藍色 地平線 | © Bowy Gavid Bowie Chan / Flickr

Yayoi Kusama

Dengan karir yang mencengangkan selama tujuh dekade, Yayoi Kusama telah menjelajahi bidang lukisan, gambar, kolase, patung, pertunjukan, film, seni grafis, instalasi dan seni lingkungan, serta sastra, mode, dan desain produk. Kusama telah mengembangkan gaya seni polka dotted yang sangat khas, yang sejak itu menjadi ciri khasnya. Visi ilusi semacam itu adalah, bagi Kusama, hasil halusinasi yang telah ia alami sejak kecil, di mana dunia tampaknya ditutupi oleh bentuk-bentuk yang berkembang biak.
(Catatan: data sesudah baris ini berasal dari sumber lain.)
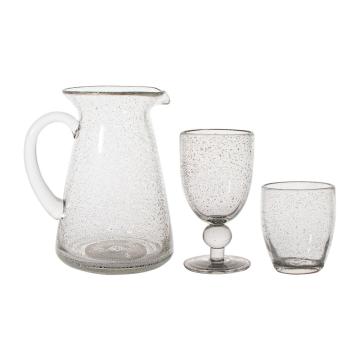 Лите скло з потовщеними стінками виглядає добротно та якісно. Щільність матеріалу гарантує підвищену зносостійкість. Графін «Waterfall» виготовлений вручну та оформлений сотнями мініатюрних бульбашок, що плавають усередині скла та утворюють унікальні візерунки та оптичні ефекти. Шви на посуді свідчать про виробничу особливість.

Kusama telah mencakup seluruh ruangan dengan titik-titik penuh warna dan cermin 'tak terbatas' yang tanpa henti memantulkan bentuk-bentuk cahaya yang berwarna-warni.

Yayoi Kusama, Aftermath of Obliteration of Eternity [Tampilan Instalasi], 2009 | © Andrew Russeth / Flickr

Yoshitomo Nara

Yoshitomo Nara menciptakan lukisan, patung, dan gambar yang menggambarkan anak-anak dan anjing bermata lebar tanda tangannya - subjek yang mencoba menangkap rasa kebosanan dan frustrasi anak-anak, dan merebut kembali kemandirian alami yang ganas kepada anak-anak. Mengingatkan pada ilustrasi buku tradisional, estetikanya menyajikan ketegangan yang gelisah, sebagian dipengaruhi oleh kecintaan Nara pada punk rock. Judul karyanya adalah kesaksian ini, dari Gadis dengan Pisau di Sisi Her (1991) ke Diam Kekerasan (1998) Neurotik ke Tulang (1999), dan Tidak Ada (2000). Di 2011, Asia Society Museum di New York City mengadakan pameran tunggal pertamanya yang berjudul Yoshitomo Nara: Tidak ada yang Bodoh, yang terdiri dari pekerjaan yang mencakup karir 20 tahun seniman. Karya-karya di acara itu terkait erat dengan kepekaan subkultur pemuda di seluruh dunia, berfokus pada tema alienasi dan pemberontakan, khususnya dalam kaitannya dengan musik rock dan punk.